By July, with no real signs of recovery, MacDowell was sent home to Canada to recover at the Brockville General Hospital. The schedule for his recovery was extended twice.
Coincidentally, MacDowell's sister Eula was a nurse at the Brockville hospital, and she cared for her brother.
"The superintendent of nursing called my mother in, and said, 'We can't do anything with him. And he's your brother so you'll have to move in with him,'" recalled Richard Dumbrille, Eula MacDowell's son.
Dumbrille said he remembered his uncle as a brilliant man, but his mother revealed just how broken he was when he came home for treatment and rest.
"When he had one of these attacks, mother — who was a featherweight — jumped onto his chest and put her face right to his and persuaded him he was in a friendly area," Dumbrille said. "And she brought him around."
Never fought again
MacDowell was sent back to England in February 1918, where he performed light duties until December. He never returned to the front in France.
He sailed back to Canada in January 1919 and spent time at the Florence Home in Ottawa, a home for recovering soldiers. But the symptoms he suffered earlier returned, and he was admitted to St. Anne de Bellevue, a hospital for veterans near Montreal.
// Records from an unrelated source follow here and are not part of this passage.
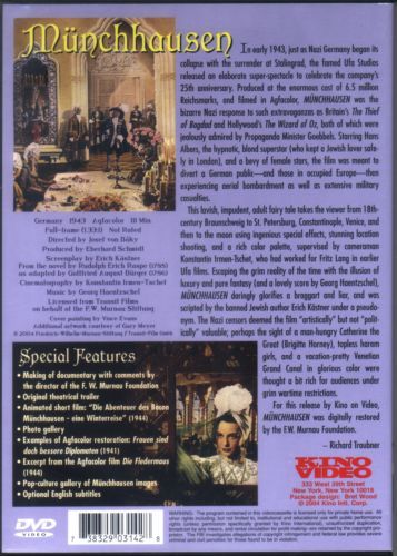 Münchhausen is a 1943 fantasy comedy film directed by Josef von Báky, a prominent director who remained in Germany under the Nazi regime. Despite being made in Nazi Germany, this film is noted for the way in which it was able to avoid the politics of the time. Science fiction author David Wingrove has commented that this work “sidesteps immediate political issues whilst conjuring up marvellous visual images of an ageless pastoral Germany.”The story follows the life of Baron Hieronymus von Münchhausen who was granted immortality by a sorcerer some 200 years previously. Here he recounts to a group of friends tales of his travels through Russia, his encounter with a man who could run more than 200 miles per hour, and a ring he was given which would make him invisible. His story culminates in his recounting a trip to the Moon where he meets bodyless plant people.
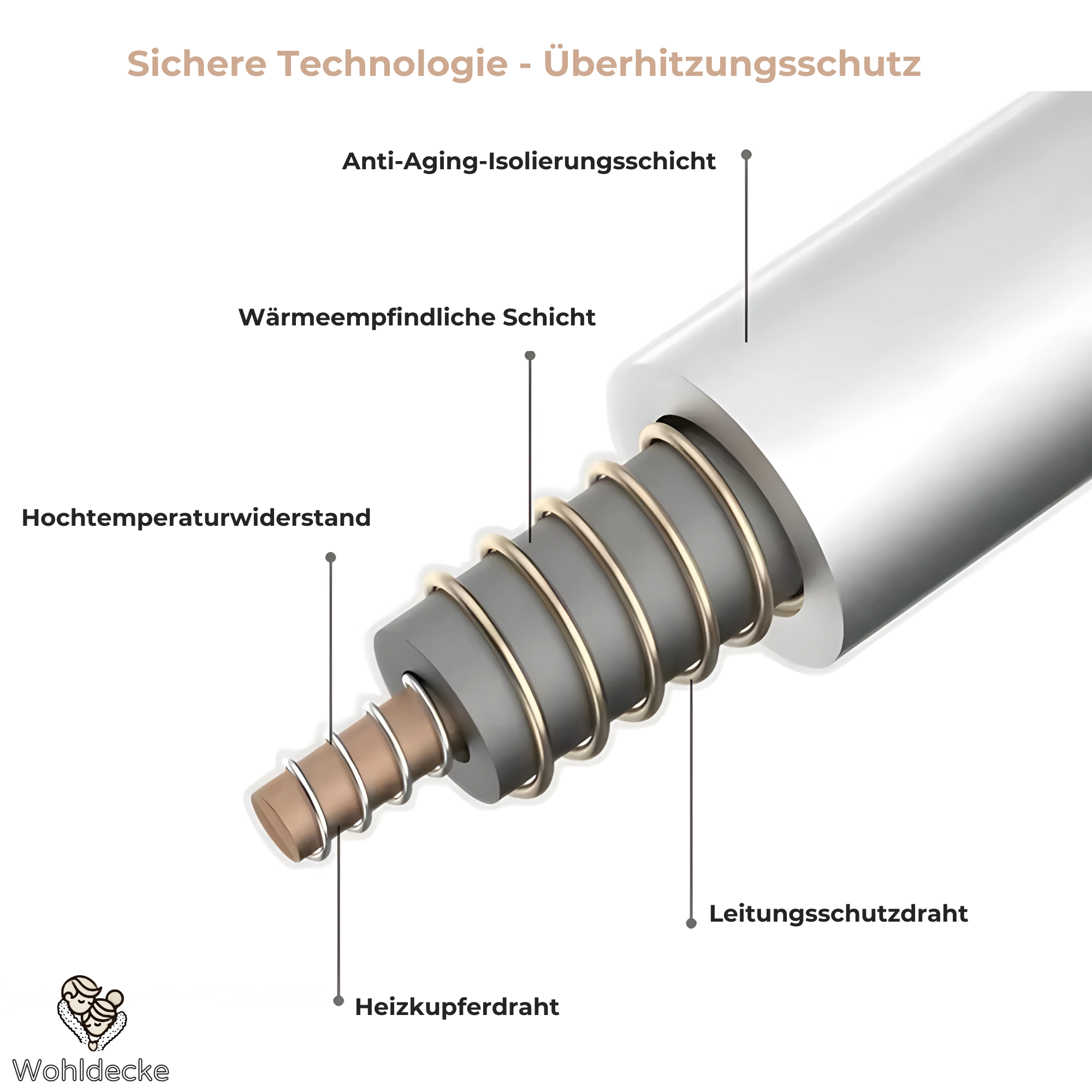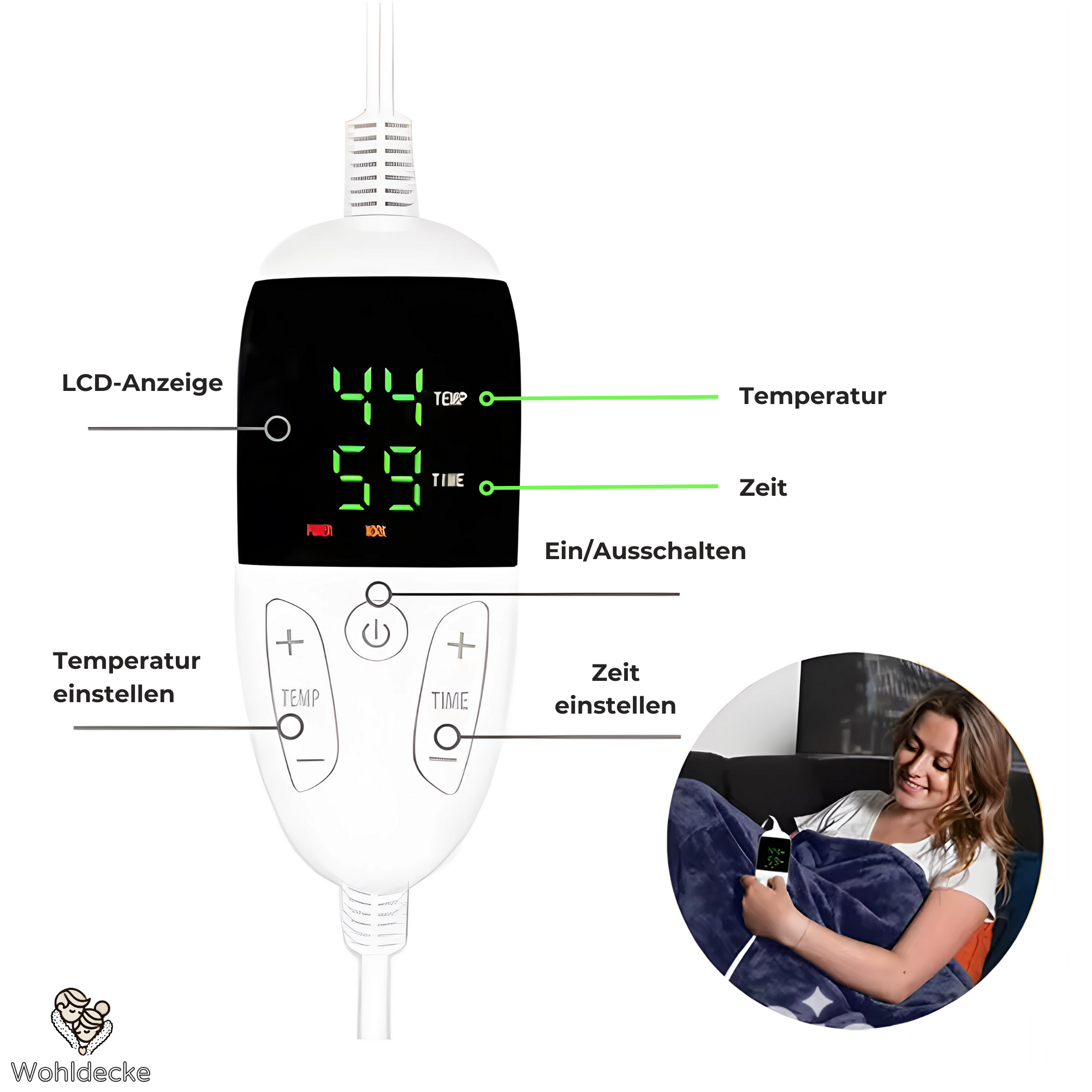 Die Temperatur kann in 6 Stufen (von 30 bis 45°C) eingestellt werden, was durch einen Controller geregelt wird. Der Controller steuert die Stromzufuhr zu den Heizdrähten, wodurch die Temperatur entsprechend der gewählten Stufe erhöht oder verringert wird. Durch diesen Prozess wird eine konstante und gleichmäßige Wärme erzeugt, die für Komfort sorgt, ohne zu überhitzen oder unangenehm zu sein. Die Decke schaltet sich nach 3 Stunden automatisch ab, um Energie zu sparen und die Sicherheit zu gewährleisten.
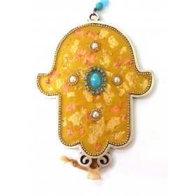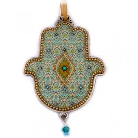 Iris Design Hand Painted Wall Hamsa, Leaf Design on Gold - Beads and CrystalsSize: 12 cm / 4.7"$58.56 -
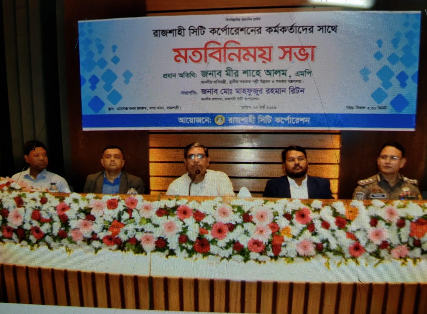 বুধবার বিকেলে নগর ভবনের সিটি হলরুমে রাজশাহী সিটি কর্পোরেশনের (রাসিক) কর্মকর্তাদের সঙ্গে মতবিনিময় সভায় প্রধান অতিথির বক্তব্যে তিনি এসব কথা বলেন। সভায় সভাপতিত্ব করেন রাসিকের প্রশাসক মো. মাহফুজুর রহমান রিটন।
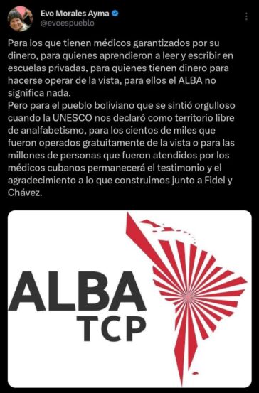 «Pero para el pueblo boliviano que se sintió orgulloso cuando la UNESCO nos declaró como territorio libre de analfabetismo, para los cientos de miles que fueron operados gratuitamente de la vista o para las millones de personas que fueron atendidos por los médicos cubanos permanecerá el testimonio y el agradecimiento a lo que construimos junto a Fidel y Chávez», destacó Morales en su cuenta en X.
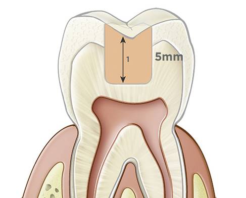 Bulk-fill composite materials are available today that can be placed in increments up to 4 mm or more (Figure 3), which is advantageous compared with 2-mm layering techniques, and cured in 10-second increments. For a shallow cavity up to 4-mm deep, light-cured dentin and enamel replacement bulk-fill composites can be placed in a single increment to replace both dentin and enamel.

Doctors noted MacDowell's own reports that he only slept about three hours a night, that his hands trembled when he extended his arms, and his frequent spells of dizziness. MacDowell also told them that he had difficulty concentrating and had lost his sense of ambition.
His diagnosis, said Humphries, was typical of so many battle-fatigued soldiers.
"MacDowell's case illustrates how a soldier can change over time" said Humphries. "The way in which combat eats away at their ability to cope over time – MacDowell simply becomes worn out because his experience is harrowing, horrific, and it's frightening"
In October 1919, MacDowell was discharged from St. Anne de Bellevue and left the army with the rank of lieutenant-colonel.
Despite his wartime ordeal, he ended up having a successful career in the mining industry. He married in 1929, had two sons, and died in the Bahamas in March 1960.
Today, MacDowell is buried in Oakland Cemetery, just outside Brockville, Ont. and not far from where he grew up.
Humphries called McDowell's war experiences a double-edged sword.
"On the one level, he is one of Canada's most decorated soldiers of the First World War," said Humphries. "In both instances [he was] doing something that is exceptionally brave — yet he also is sent back from the front suffering with shell shock, which at the time is perceived by some soldiers and doctors as cowardice."
"It demonstrates the way in which soldiers can exist in these two extremes simultaneously."